Of Note
May 9, 2006
Borromeo helps Department of Education push the boundaries of Distance Learning
Using Maine's ATM network to get MUSIC, not money

The German poet Goethe described a string quartet as "a conversation with four educated people." What a conversation the Borromeo String Quartet began in May with students and teachers at nine distance-learning sites throughout Maine!

The conversation was the result of a year-long discussion between Distance Learning Network (DLN) specialists from Maine's Department of Education (MDOE) in collaboration with PCA Great Performances' 75th anniversary celebration events.

PCA Great Performances wanted to extend the reach of its educational programming as a "thank you" to its founding members and music teachers with a week-long string residency. One of the goals of the residency was to create as many opportunities as possible for students and teachers to interact with the quartet and to hear them play.

Maine's DLN wanted to push the boundaries of its Asynchronous Transmission Mode (ATM) system with a new initiative. The network includes 91 sites throughout Maine's 16 counties. Using ATM technology, people in the farthest regions of the state are linked together for meetings, professional development opportunities and academic courses.

DLN specialist Steve Vose worked with and trained PCA Great Performances' Director of Education Barri Lynn Moreau to offer this unique music education opportunity on May 9, 2006. Barbara Moody from MDOE helped set up the room for sound checks and served as assistant director for the broadcast.

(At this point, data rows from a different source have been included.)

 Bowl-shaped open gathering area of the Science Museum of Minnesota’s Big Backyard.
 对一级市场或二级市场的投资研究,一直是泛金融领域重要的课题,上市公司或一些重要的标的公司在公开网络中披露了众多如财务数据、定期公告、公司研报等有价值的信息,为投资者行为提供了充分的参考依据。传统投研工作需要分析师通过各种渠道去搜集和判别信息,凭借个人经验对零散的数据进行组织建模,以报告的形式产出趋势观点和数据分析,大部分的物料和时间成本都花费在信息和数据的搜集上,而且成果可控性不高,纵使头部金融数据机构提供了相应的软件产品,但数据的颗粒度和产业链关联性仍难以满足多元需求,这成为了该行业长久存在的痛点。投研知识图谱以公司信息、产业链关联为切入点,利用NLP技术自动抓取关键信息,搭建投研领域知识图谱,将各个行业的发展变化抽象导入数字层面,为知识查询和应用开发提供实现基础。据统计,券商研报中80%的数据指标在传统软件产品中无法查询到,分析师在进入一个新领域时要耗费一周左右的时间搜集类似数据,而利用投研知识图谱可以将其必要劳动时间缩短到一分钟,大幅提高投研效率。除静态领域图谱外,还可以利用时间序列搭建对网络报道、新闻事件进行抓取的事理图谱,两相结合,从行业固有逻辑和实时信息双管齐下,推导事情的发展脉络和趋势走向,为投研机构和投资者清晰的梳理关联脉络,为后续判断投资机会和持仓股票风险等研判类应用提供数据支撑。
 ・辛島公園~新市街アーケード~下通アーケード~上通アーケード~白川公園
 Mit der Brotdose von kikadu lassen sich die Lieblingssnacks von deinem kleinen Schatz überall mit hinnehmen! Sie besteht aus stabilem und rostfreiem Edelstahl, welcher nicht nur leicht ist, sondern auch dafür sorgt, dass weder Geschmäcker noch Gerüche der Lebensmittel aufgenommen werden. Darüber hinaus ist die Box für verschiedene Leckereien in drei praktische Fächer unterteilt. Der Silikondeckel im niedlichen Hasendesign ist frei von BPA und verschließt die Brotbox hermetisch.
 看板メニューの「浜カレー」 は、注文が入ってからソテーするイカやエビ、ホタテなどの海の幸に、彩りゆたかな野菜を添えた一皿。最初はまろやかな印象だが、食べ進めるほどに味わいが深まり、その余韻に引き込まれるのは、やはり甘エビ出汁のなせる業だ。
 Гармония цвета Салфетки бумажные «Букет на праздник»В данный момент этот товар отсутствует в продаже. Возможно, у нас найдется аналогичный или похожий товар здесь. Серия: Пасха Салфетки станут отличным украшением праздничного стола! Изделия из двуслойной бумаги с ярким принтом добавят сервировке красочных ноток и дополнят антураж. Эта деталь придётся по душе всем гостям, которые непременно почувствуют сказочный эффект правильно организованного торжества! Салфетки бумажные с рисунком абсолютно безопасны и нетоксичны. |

Luckily, the Borromeo String Quartet has experience using this kind of technology. They presented a program over a similar network in Hawaii a few years back. Nick Kitchen, the quartet's first violin and "tekkie whiz," was eager to broadcast the history of the string quartet presentation across Maine and give students the chance to interact with the quartet.

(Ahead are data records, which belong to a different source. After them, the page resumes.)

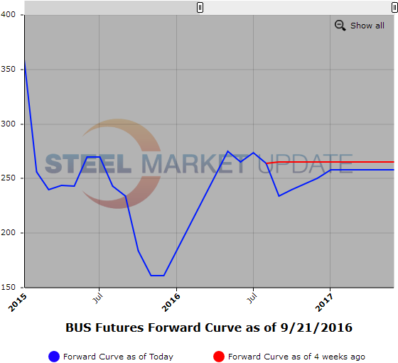 Lower HR prices are impacting BUS price expectations here this week. In the near dates BUS buyers have retreated with Q4’16 last trading last week at $245/GT. Offers remain at $250/ GT for the period in small size. Market sentiment in BUS is a bit bearish but no firm indication on where October will come in yet. Maybe flat to slightly lower. Adding to the bearish sentiment in scrap is that CFR Turkish exports have been slowing down and prices have been declining slightly, down $6 since Monday.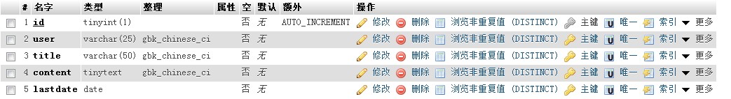 1.准备建立数据库表的结构,下面是我的表结构在phpMyAdmin下的截图: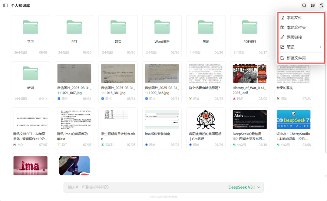 此次版本升级,没有特别的功能需要说明的。不过ima官网最近的推文都是知识库落地的一些实际案例。现在正是开学季,不少中小学校建立自己的题库,通过ima生成不同的试卷;有些大学建立后勤服务资料,通过ima给新生提供各种信息咨询等。从这些案例中可以看出,ima知识库的基本功能差不多了,已经开始提供实实在在的使用价值了。 |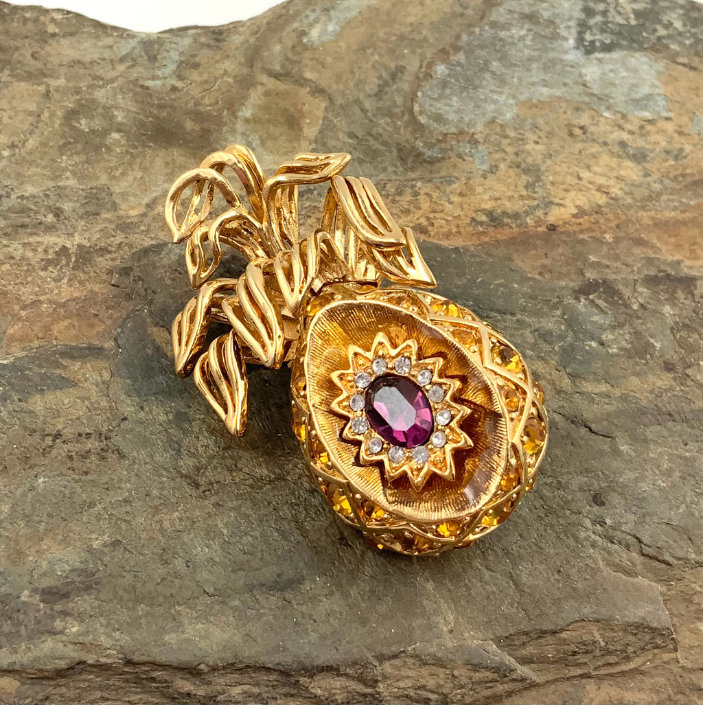 ST. JOHN Goldtone Metal & Crystals Pineapple Brooch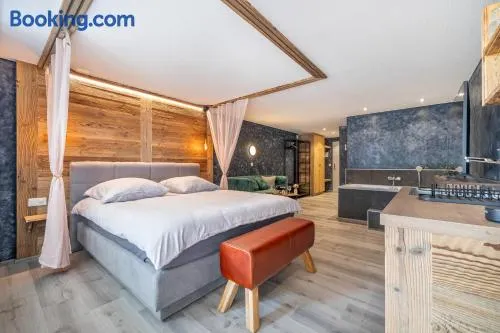 Relax at the spa hotel with 2 indoor and 2 outdoor swimming pools, just steps from Alpentherme Thermal Baths.

"The danger of not doing programs like this is that there are people who might enjoy what the arts promise, but they will never know what's out there because they don't have the exposure," said Kitchen, first violinist with the Boston-based Borromeo String Quartet."

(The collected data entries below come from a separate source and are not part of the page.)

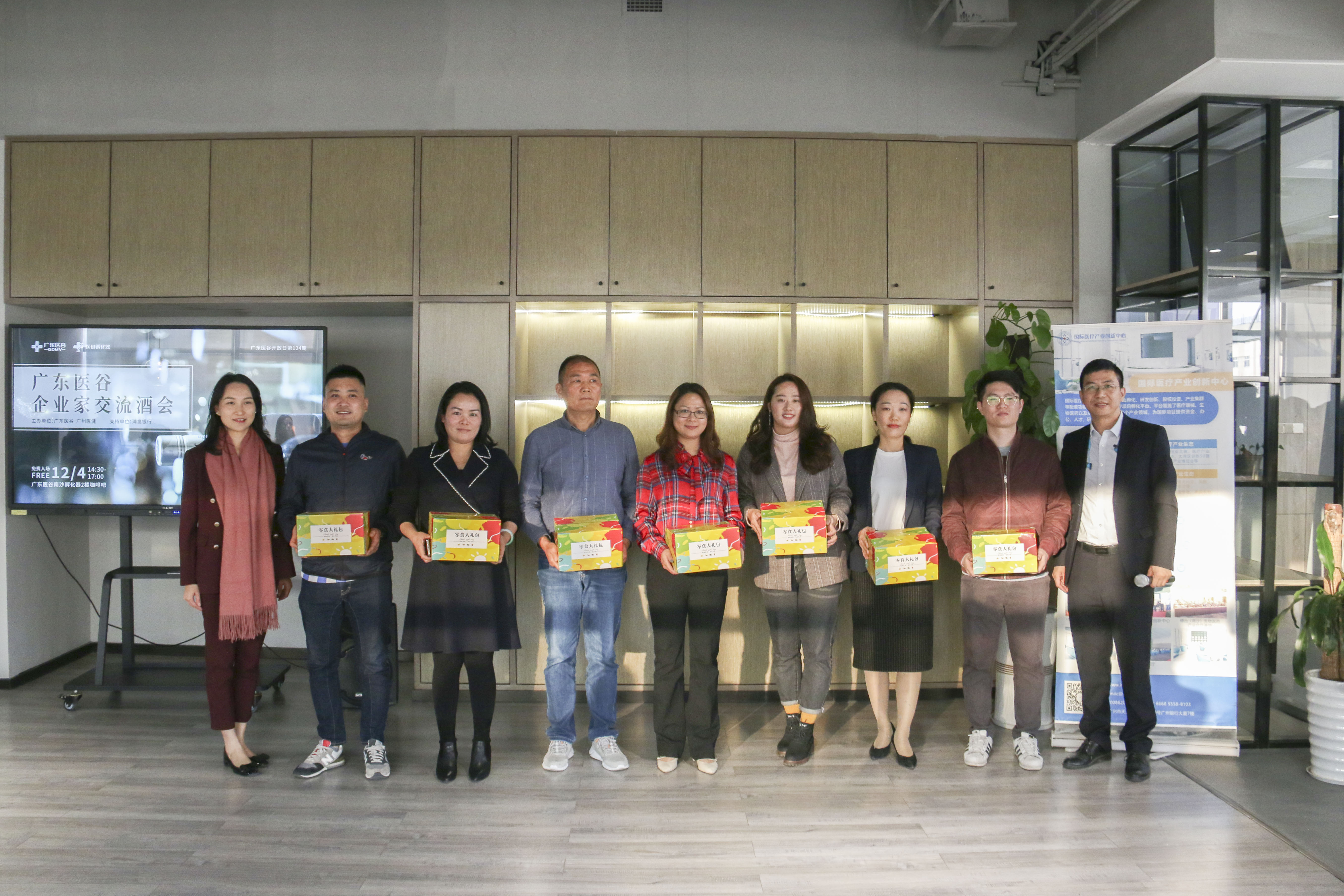 In order to promote cooperation and exchanges between enterprises in the incubator, on December 4, GDMV Entrepreneurs Exchange Party was successfully held in GDMV Nansha Incubator. Zhang Jiamao, Director of the Development and Reform Bureau of Nansha District, Feng Jie, Deputy Director of the Science and Technology Bureau of Nansha District, Wu Jin, Deputy Director of the Nansha District Bureau of Commerce, Ou Wei, Corporate Business Manager of Shanghai Pudong Development Bank Guangzhou Branch Zhujiang New Town Branch, Shanghai Pudong Development Bank Guangzhou Branch Small Business Financial Service Center Deputy General Manager Li Junfang, Shanghai Pudong Development Bank Guangzhou Branch Small Business Financial Service Center Product Manager Lin Jiebin, Xie Jiasheng, CEO of GDMV and Yichenyun Health, Sianxin Biotechnology, Baisheng Biotechnology and other entrepreneur representatives gathered together and Seek development.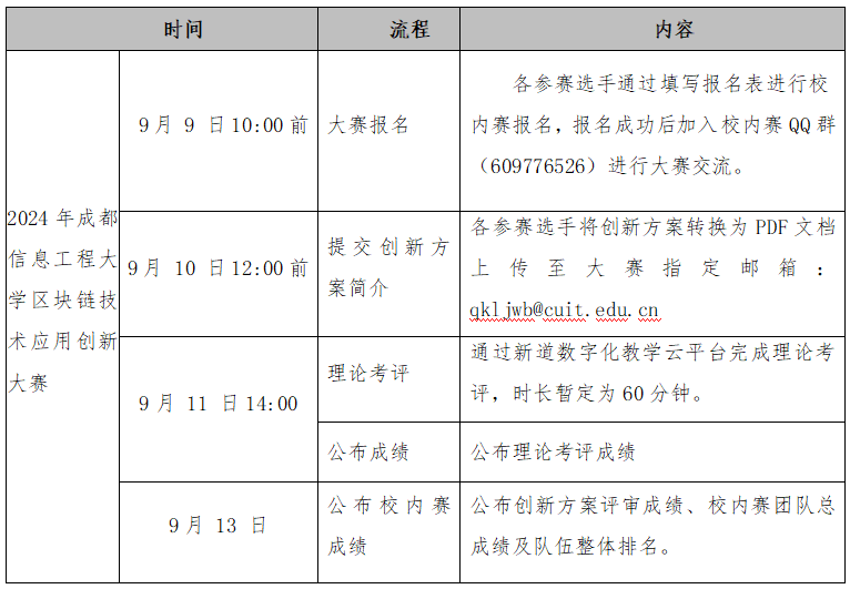具体事项详见《2024年四川省大学生区块链技术应用创新大赛暨川渝大学生区块链技术应用创新大赛校内选拔赛竞赛方案和通知》附件。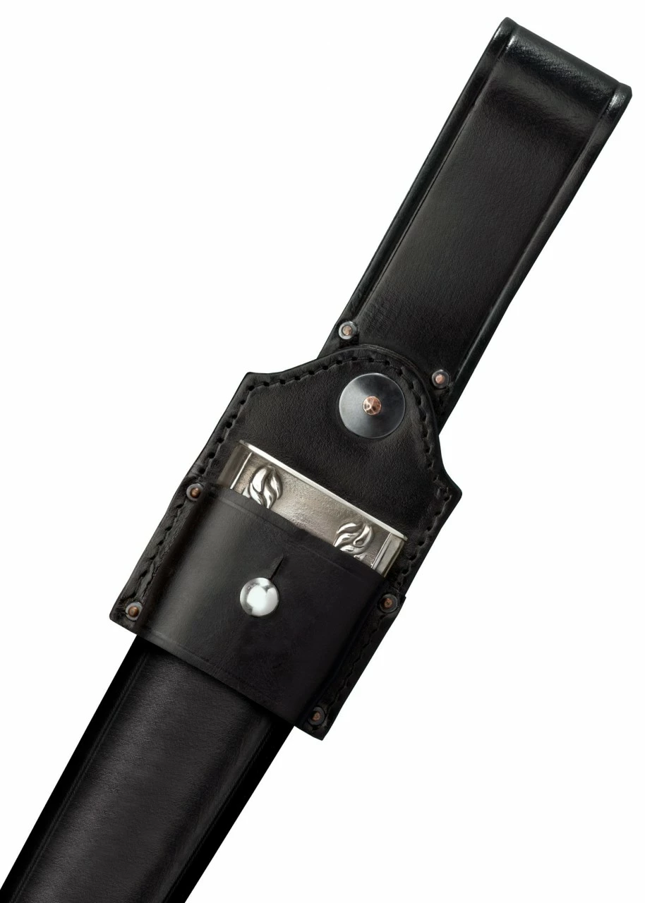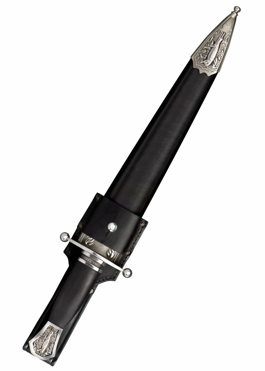 Cold Steels® Version hat eine kräftige zweischneidige Speerspitze mit einem Griff aus malaysischem Salholz und einem ausgefallenen Knauf mit Alligatormotiv. Die Scheide ist ebenfalls aufwendig gestaltet. Sie ist fein gearbeitet und dekorativ verziert, um den Griff zu ergänzen.

Pineland Suzuki students from around Augusta were the "in-house" audience, but the larger audience included Waterville High School, Bangor High School and Mount Desert Island High School--all linked interactively with the quartet. In addition, Lewiston Regional High School, Ellsworth High School, Narraguagus High School and Washington Academy received the broadcast. Students had opportunities to see and speak to each other in various schools around the state and were also able to talk to members of the quartet.

Although there were the usual slight technical glitches, the program was well received. Students rated it as "Great!" A 12th-grade music student from Waterville High School says, "I was very impressed with the quartet's presentation. These were clearly four musicians who loved what they do . . . and loved sharing it with others. Being exposed to this performance has helped me greatly as a musician."

Music educators were thrilled with the presentation and the opportunity for students to be coached by the string quartet. "In the Augusta area, where we have very few chances to hear such great music, it was an especially unique treat," says Betsy Kobayashi, Pineland Suzuki director.

"To have programs like this gives students the excitement to go on. Most of the students are the only one in their school who play a string instrument, and it is not always the cool thing to do. Borromeo was definitely cool. I am sure that they made many new friends for chamber music," Kobayashi says.

One parent marveled at the change in her son's technique and self-confidence after the Borromeo experience. "My 13-year-old son was able to participate in the 'studio audience' during the lecture/demonstration, and then attend a master class. He really enjoyed it, and said he couldn't wait to go to school and tell people about it."

According to this parent, the session had a real impact on her son's playing. "Yesterday afternoon at an informal solo recital, he played the Bach Gavotte he had played for the quartet earlier in the day, and he had already incorporated their suggestions regarding telling a story, leading the dance and the 'pinky circles'."

A second day of residency activities in Augusta was followed by two more days of events throughout Maine, concluding with a free Borromeo String Quartet concert in Portland's Merrill Auditorium. The auditorium was packed with 1,200 new "friends" of the Borromeo String Quartet, including residency participants from the capital area.

The entire residency was underwritten by the generosity of the Evenor Armington Fund, the Vincent B. and Barbara G. Welch Foundation and the Fisher Charitable Foundation. Based on the success of the residency, PCA Great Performances is looking forward to a future residency with the Borromeo String Quartet to support Maine ASTA string and music education programs throughout Maine.

Barri Lynn Moreau is director of education and family programming for PCA Great Performances in Portland, Maine. She is an arts advocate, former teacher-administrator and music lover.